» Recorded information:
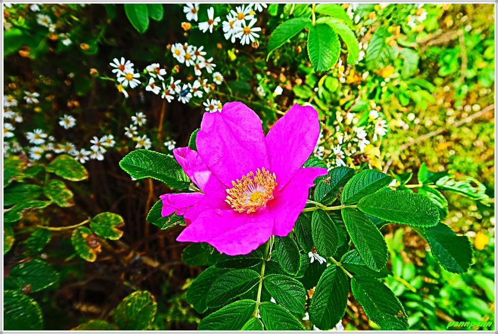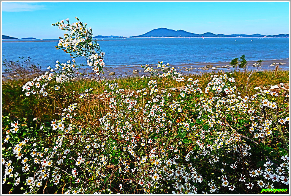 아취형 출입문을 지나니 해당화 한 송이가 아름답게 피어 길손을 반겨주는 가운데 아직까지 개망초가 흐드러지게 피어 있는 모습입니다. 현재 제방의 안쪽에 있는 광활한 평야는 고려말부터 약 800년간 주민들의 노력으로 만들어진 인공평야로서 강화는 우리나라에서 간척사업이 가장 빨리 체계적이며 대규모로 시행된 지역이랍니다. 날씨가 맑아 멀리 북쪽으로 교동대교의 모습이 선명하군요.
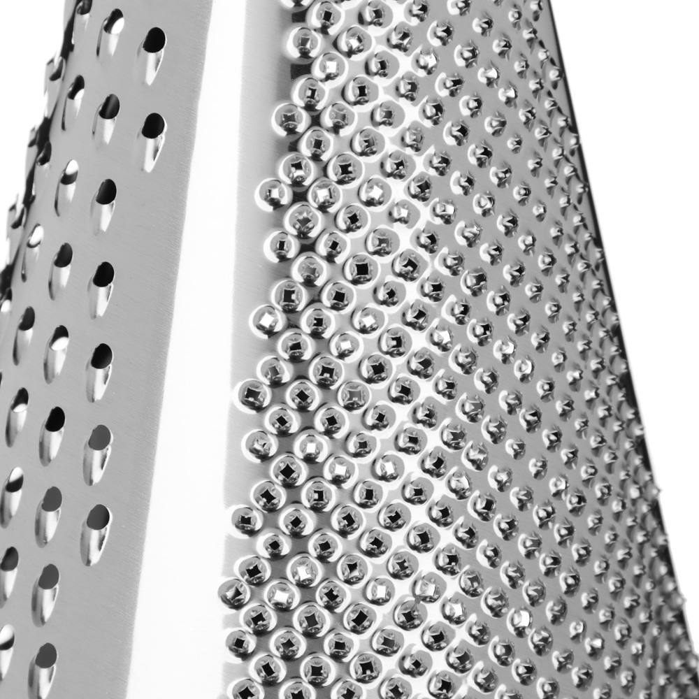 Тёрка – необходимый кухонный помощник в каждом доме! Это многофункциональный и долговечный инструмент. Многие хозяйки даже не догадываются о том, сколько всего можно приготовить, если использовать все рабочие поверхности тёрки. Крупные отверстия предназначены для овощей, сыра, яиц, шоколада и масла. По секрету, кондитеры, чтобы ускорить процесс приготовления, натирают масло на крупной тёрке. Мелкие отверстия предназначены для украшения стружкой или для измельченной нарезки. С колючей стороной тёрки нужно быть осторожным, чтобы не нанести травму. Она предназначения для измельчения чеснока, острого перца, орехов, сухарей, имбиря. А также поможет снять цедру с цитрусовых. Продолговатые отверстия предназначены для нарезки овощных и фруктовых слайсов. С помощью неё можно приготовить рататуй, домашние картофельные чипсы, луковые кольца, запеканку из кабачков и многое другое.
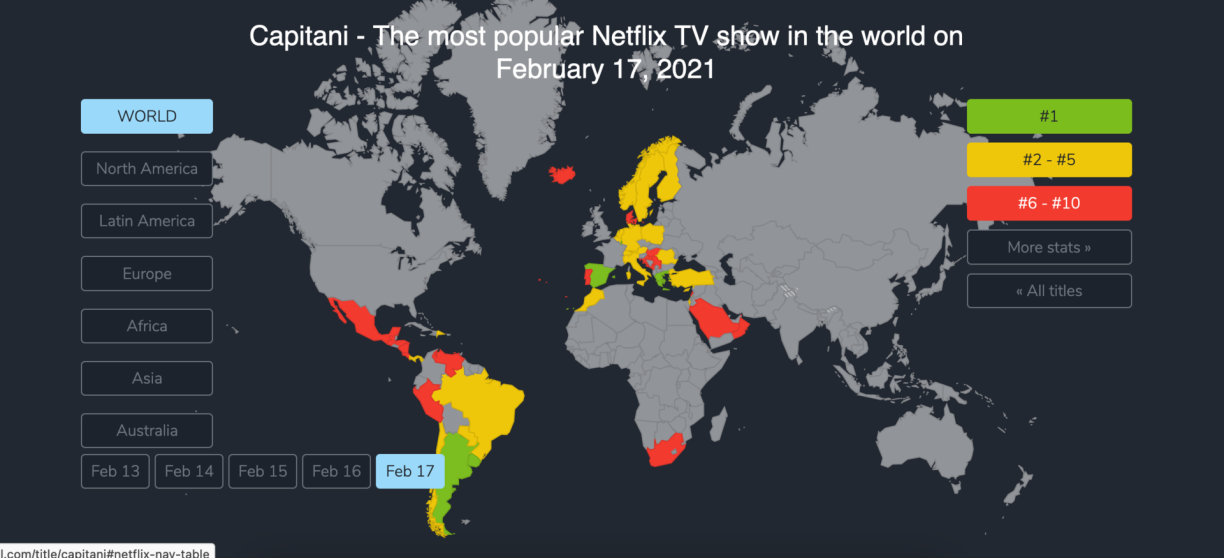 As of 17 February, Capitani was the most-viewed show on Netflix in five countries: Uruguay, Argentina, Spain, Greece, and of course Luxembourg.
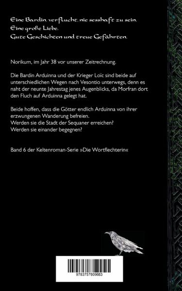 Noricum, 37 v. Chr. Die Bardin Arduinna und der Krieger Loïc sind beide auf unterschiedlichen Wegen nach Vesontio unterwegs, denn es naht der neunte Jahrestag jenes Augenblicks, da Morfran dort den Fluch auf Arduinna gelegt hat. Beide hoffen, dass die Götter endlich Arduinna von ihrer erzwungenen Wanderung befreien. Werden sie die Stadt der Sequaner erreichen? Werden sie einander begegnen?Band 6 der Keltenroman Serie "Die Wortflechterin".Tauch ein in die Welt der Kelten und fühle den Pulsschlag jener Zeit in dir, da Worte Waffen sein konnten und deine einzigen Freunde ein Wolfshund und ein Rabe!

» Description of the task: Write out the whole listing above exactly, minus images.

» Answer box:
 아취형 출입문을 지나니 해당화 한 송이가 아름답게 피어 길손을 반겨주는 가운데 아직까지 개망초가 흐드러지게 피어 있는 모습입니다. 현재 제방의 안쪽에 있는 광활한 평야는 고려말부터 약 800년간 주민들의 노력으로 만들어진 인공평야로서 강화는 우리나라에서 간척사업이 가장 빨리 체계적이며 대규모로 시행된 지역이랍니다. 날씨가 맑아 멀리 북쪽으로 교동대교의 모습이 선명하군요.
 Тёрка – необходимый кухонный помощник в каждом доме! Это многофункциональный и долговечный инструмент. Многие хозяйки даже не догадываются о том, сколько всего можно приготовить, если использовать все рабочие поверхности тёрки. Крупные отверстия предназначены для овощей, сыра, яиц, шоколада и масла. По секрету, кондитеры, чтобы ускорить процесс приготовления, натирают масло на крупной тёрке. Мелкие отверстия предназначены для украшения стружкой или для измельченной нарезки. С колючей стороной тёрки нужно быть осторожным, чтобы не нанести травму. Она предназначения для измельчения чеснока, острого перца, орехов, сухарей, имбиря. А также поможет снять цедру с цитрусовых. Продолговатые отверстия предназначены для нарезки овощных и фруктовых слайсов. С помощью неё можно приготовить рататуй, домашние картофельные чипсы, луковые кольца, запеканку из кабачков и многое другое.
 As of 17 February, Capitani was the most-viewed show on Netflix in five countries: Uruguay, Argentina, Spain, Greece, and of course Luxembourg.
 Noricum, 37 v. Chr. Die Bardin Arduinna und der Krieger Loïc sind beide auf unterschiedlichen Wegen nach Vesontio unterwegs, denn es naht der neunte Jahrestag jenes Augenblicks, da Morfran dort den Fluch auf Arduinna gelegt hat. Beide hoffen, dass die Götter endlich Arduinna von ihrer erzwungenen Wanderung befreien. Werden sie die Stadt der Sequaner erreichen? Werden sie einander begegnen?Band 6 der Keltenroman Serie "Die Wortflechterin".Tauch ein in die Welt der Kelten und fühle den Pulsschlag jener Zeit in dir, da Worte Waffen sein konnten und deine einzigen Freunde ein Wolfshund und ein Rabe!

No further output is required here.